I have a question about SQL Server indexes. I'm not a DBA and assume the answer is clear for those of you that are. I am using SQL Server 2008.

I have a table that is similar to the following (but has more columns):

CREATE TABLE [dbo].[Results](
    [ResultID] [int] IDENTITY(1,1) NOT NULL,
    [TypeID] [int] NOT NULL,
    [ItemID] [int] NOT NULL,
    [QueryTime] [datetime] NOT NULL,
    [ResultTypeID] [int] NOT NULL,
    [QueryDay]  AS (datepart(day,[querytime])) PERSISTED,
    [QueryMonth]  AS (datepart(month,[querytime])) PERSISTED,
    [QueryYear]  AS (datepart(year,[querytime])) PERSISTED,
 CONSTRAINT [PK_Results] PRIMARY KEY CLUSTERED 
(
    [ResultID] ASC
)WITH (PAD_INDEX  = OFF, STATISTICS_NORECOMPUTE  = OFF, IGNORE_DUP_KEY = OFF, ALLOW_ROW_LOCKS  = ON, ALLOW_PAGE_LOCKS  = ON, FILLFACTOR = 90) ON [PRIMARY]
) ON [PRIMARY]

The important fields to notice here are ResultID, the primary key, and QueryTime the datetime at which the result was produced.

I also have the following index (amongst others):

CREATE NONCLUSTERED INDEX [IDX_ResultDate] ON [dbo].[Results] 
(
    [QueryTime] ASC
)
INCLUDE ( [ResultID],
[ItemID],
[TypeID]) WITH (PAD_INDEX  = OFF, STATISTICS_NORECOMPUTE  = OFF, SORT_IN_TEMPDB = OFF, IGNORE_DUP_KEY = OFF, DROP_EXISTING = OFF, ONLINE = OFF, ALLOW_ROW_LOCKS  = ON, ALLOW_PAGE_LOCKS  = ON, FILLFACTOR = 90) ON [PRIMARY]

In a database where I have about a million rows in the table, the index is used when doing a query such as:

select top 1 * from results where querytime>'2009-05-01' order by ResultID asc

In another instance of the same database, with 50 million rows, SQL Server decides not to use the index as it rather does a Clustered Index Scan which ends up being horribly slow. (and speed depends on the date).

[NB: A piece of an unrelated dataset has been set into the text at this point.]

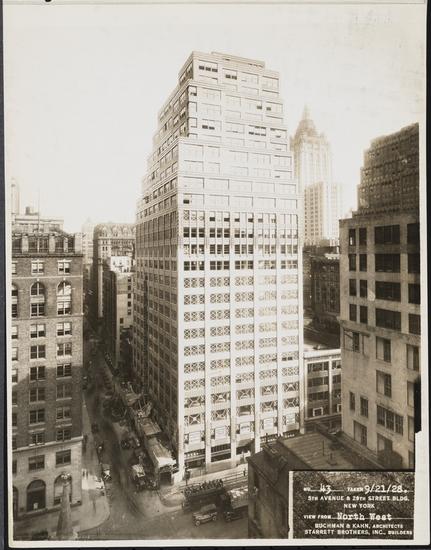 9/21/28. 5th Avenue & 29th Street Bldg. New York. View from Northwest. Buchman & Kahn, Architects. Starrett Brothers, Inc., Builders.

Even if I use query hints to make it use IDX_ResultDate, it is still a bit slow and it spends 94% of its time sorting by ResultID. I figured that by creating an index with both ResultID and QueryTime as sorted columns in the index, I could speed up my query.

I therefore created the following:

CREATE NONCLUSTERED INDEX [IDX_ResultDate2] ON [dbo].[Results] 
(
[QueryTime] ASC,    
[ResultID] ASC
)
INCLUDE ( [ItemID],
[TypeID]) WITH (PAD_INDEX  = OFF, STATISTICS_NORECOMPUTE  = OFF, SORT_IN_TEMPDB = OFF, IGNORE_DUP_KEY = OFF, DROP_EXISTING = OFF, ONLINE = OFF, ALLOW_ROW_LOCKS  = ON, ALLOW_PAGE_LOCKS  = ON, FILLFACTOR = 90) ON [PRIMARY]
GO

I assumed that it would first use the sort by QueryTime to find the matching results, which would already be sorted by ResultID. However, this is not the case as this index changes nothing in performance over the existing one.

I then tried the following index:

CREATE NONCLUSTERED INDEX [IDX_ResultDate3] ON [dbo].[Results] 
(
    [ResultID] ASC,
    [QueryTime] ASC
)
INCLUDE ( [ItemID],
[TypeID]) WITH (PAD_INDEX  = OFF, STATISTICS_NORECOMPUTE  = OFF, SORT_IN_TEMPDB = OFF, IGNORE_DUP_KEY = OFF, DROP_EXISTING = OFF, ONLINE = OFF, ALLOW_ROW_LOCKS  = ON, ALLOW_PAGE_LOCKS  = ON, FILLFACTOR = 90) ON [PRIMARY]
GO

This one produces the intended result. It appears to return in constant time (a fraction of a second).

However, I am puzzled at why IDX_ResultDate3 works well whereas IDX_ResultDate2 doesn't.

I would assume that a binary search in as sorted list of QueryTime followed by peeking at the first result in it's child list of ResultIDs is the fastest way at getting the result. (Hence my initial sort order).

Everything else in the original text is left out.